When former Miix Group Inc. President Daniel Goldberg pleaded guilty to marijuana cultivation early last year, it might have been the low point for the company that started life in 1977 as the Medical Inter-Insurance Exchange of New Jersey. But it was just a pause on the way to the cessation of writing new policies this summer.

Miix was founded during a previous malpractice-coverage crisis as a doctor-controlled risk pool - a service organization, more or less, whose goals were solvency and stability.

But bad judgment, big egos and the lure of stock options worked their magic, and by 1999 Miix was trying to impress Wall Street by doing unprofitable business across the nation. The company lost $158 million last year.

By contrast, the Medical Mutual Liability Insurance Society of Maryland, created like Miix in the 1970s insurance drought, has retained its mutual, doctor-owned status, issues most of its policies in Maryland, has resisted chasing new business by cutting rates and gets an excellent, A-minus rating from A.M. Best.

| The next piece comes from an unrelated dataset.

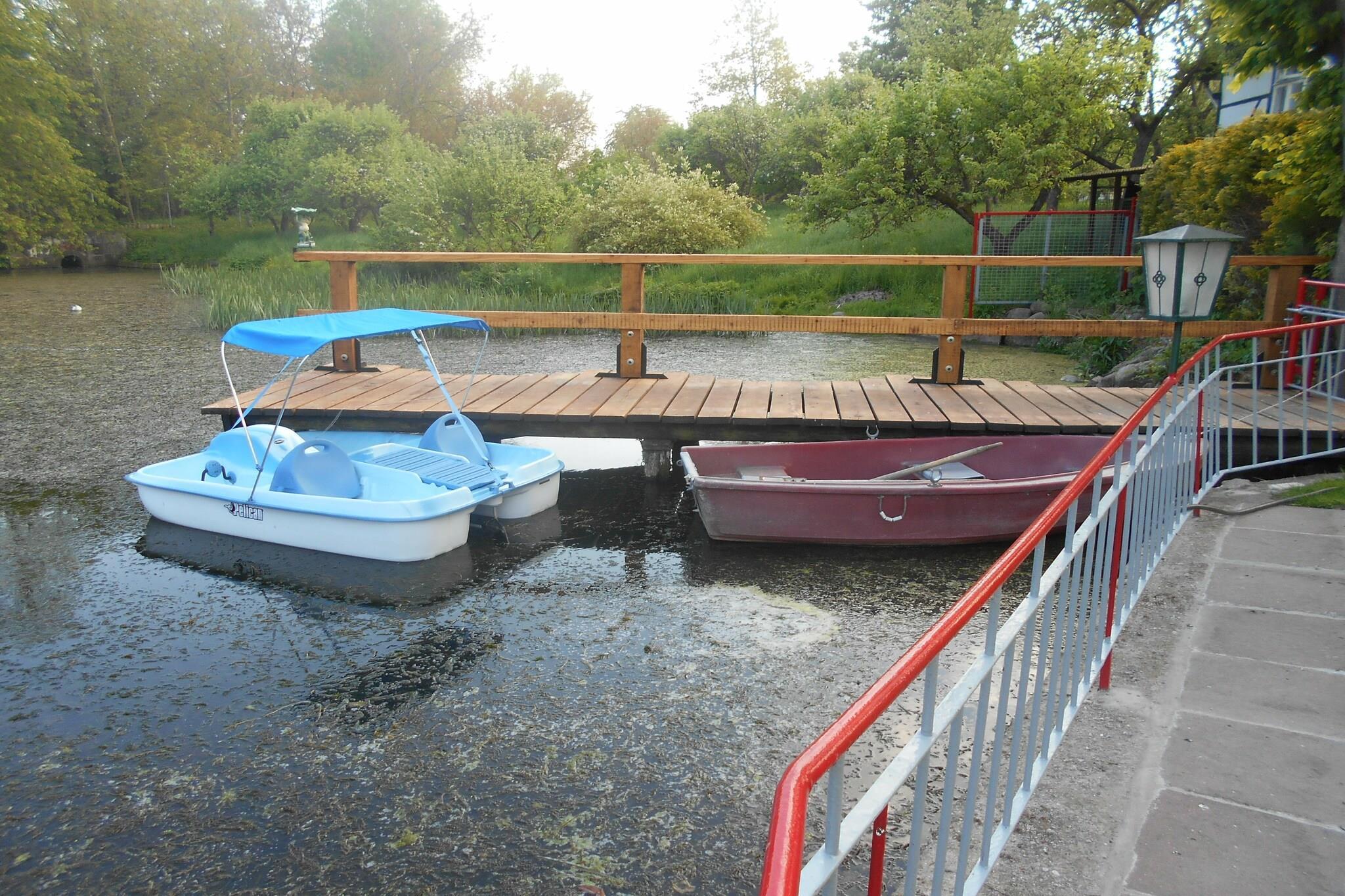Parterre: (Wohnzimmer(Schlafcouch 1 Pers.), Küche(Esstisch, Kochplatte, Wasserkocher, Kaffeemaschine, Kombi-Mikrowelle, Kühlschrank), Schlafzimmer(2x Einzelbett, Doppelbett, TV), Badezimmer(Dusche)) Anlegesteg, Reisebett , Innenhof, Garten, Grill, Parkplatz, Teich, Spielgeräte, Rutsche, Hochstuhl, Schaukel

Everything Miix did wrong, MedMutual did right. A few years ago, when carriers were trying to build market share with cut-rate policies. MedMutual looked expensive. Now, as the supply of malpractice coverage has dried up and prices have jumped, it looks reasonable.

Plenty of blame is flying for the current problems nationally, mostly in symmetrical, mutually exclusive fashion between docs and insurers on one side, and the plaintiffs' bar on the other. In truth, everybody scores points.

There are bad doctors who harm patients, who deserve compensation. There are undeserving plaintiffs. There are runaway juries. There are insurers taking advantage of the crisis to jack up rates, although, if malpractice coverage were such a terrific business, I doubt the St. Paul Cos. and all these other outfits would be bailing out.

The tort situation will shift again. Reform legislation is floating around Congress. States are mulling pain-and-suffering caps. Maryland could cheer trial lawyers by jettisoning the unfair contributory-negligence standard; if so it should even the score by rejecting the equally illogical "joint and several liability" rule, which allows plaintiffs to milk the defendant with the deepest pockets.

But whatever happens, you don't have to be a brain surgeon to know where to buy malpractice insurance in Maryland.